Early childhood program returns to DD Board


By Peter H. Milliken

milliken@vindy.com

YOUNGSTOWN

The administration of the Help Me Grow early childhood education program serving developmentally disabled children under age 3 will switch July 1 from the Mahoning County Educational Service Center to the county board of developmental disabilities.

“Our board has committed resources to providing this valuable service to children, 0 to age 3, and their families in the hopes that early intervention can help children catch up with those developmental delays and set them on a course for a better path of life,” Bill Whitacre, county DD board superintendent, recently told the county commissioners.

The program staff will be housed at the DD Board’s Leonard Kirtz School in Austintown, but will visit the children in the familiar environments of their homes and day-care centers, Whitacre said.

“If you bring a child to a center like Leonard Kirtz and you teach them a routine, that’s not the environment where that routine will take place,” he told the commissioners.

“The toys that the children have available on a day-to-day basis [at home], that’s what they can interact with and manipulate,” he said, adding that toys available at the Kirtz School may not be present in the child’s home.

Whitacre said program staff, however, “may do a routine-based session at a restaurant, teaching a child how you behave in a restaurant and how you interact with other individuals.”

“All of the evidence and the research says that those services should be provided in natural environments,” Whitacre said.

The DD board is resuming administration of this program after 10 years without it; and the local DD board recently was one of only a few in the state not offering this service, Whitacre said.

“The parents were very upset about that, but, thank God, we got it back,” replied Commissioner Carol Rimedio-Righetti.

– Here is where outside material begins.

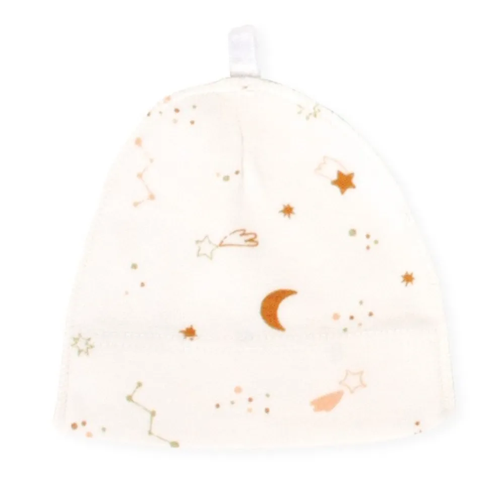 Het mutsje is gemaakt van 100% katoen, waardoor hij lekker zacht aan voelt.
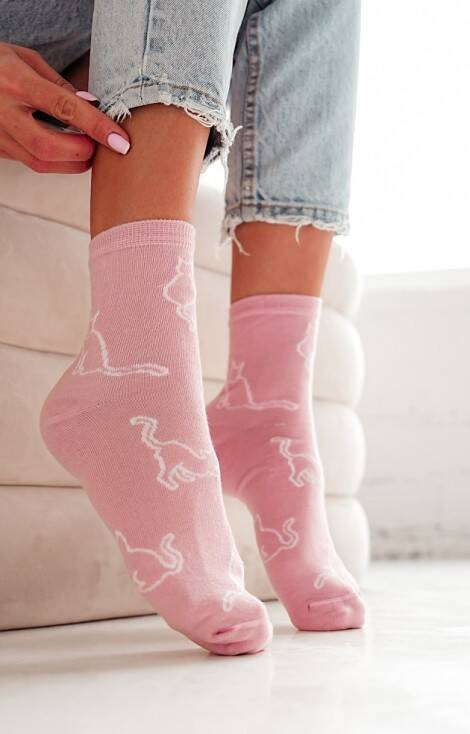 Bawełniane skarpetki damskie ozdobione wzorem kotka.

The return of the program to the DD Board means that board will provide services to people of all ages, who have developmental disabilities, said Paul Iden, the board’s communications and development coordinator.

Jennifer Bionci, executive director of the Northeast Branch of ARC of Ohio, the advocacy group for parents of developmentally disabled children, said she has heard no complaints from parents about ESC’s administration of the program.

She said, however, some parents have told her they believe the return of the early-childhood program to the DD Board will improve continuity of service to this population.

“We’re working hand-in-hand for the transition,” Iden said of the ESC and the DD Board.